We maintain our long-term Neutral recommendation on BioScrip Inc. (BIOS). Although the company has several positive catalysts to drive growth over the long haul, looming concerns keep us on the sidelines for this pharmacy benefit manager and infusion service provider.
Why the Reiteration?
BioScrip’s results in the most recent quarter surpassed the Zacks Consensus Estimate. While revenues shot up 27.3% year over year, adjusted earnings per share was in line with the year-ago results.
Following the divestment of pharmacy services business to Walgreens (WAG), BioScrip increased its focus on its Infusion franchise. This is reflected in the recent acquisition of HomeChoice which will significantly boost revenue in the future. The buyout is expected to be accretive to BioScrip’s annual top-line by $70 million.
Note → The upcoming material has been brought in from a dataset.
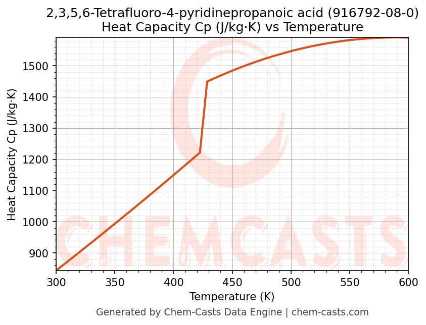 - Specific heat capacity (Cp) indicates the amount of energy required to raise the temperature of 2,3,5,6-Tetrafluoro-4-pyridinepropanoic acid and is critical for energy balance and heat-exchanger design.

However, we are apprehensive about integration risks.
While the company enjoys strong presence and competitive advantage in the Infusion and Home Health industry, the competitive landscape with larger players and deeper pockets remains unyielding. The competitive pressure also led to aggressive price wars in the last quarter. Consequently, margins remained under pressure.
The decline in Home Health reimbursement rates from certain government players also negatively impacted the company by creating a challenging operating environment. We note that BioScrip derived 33% of its revenues directly from Medicare, Medicaid or other government-sponsored healthcare programs in the third quarter. Reimbursement cuts are therefore a looming concern.
Based on these factors, estimates for 2013 for BioScrip have remained stagnant over the last 30 days. Accordingly, the stock carries a Zacks Rank #3 (Hold).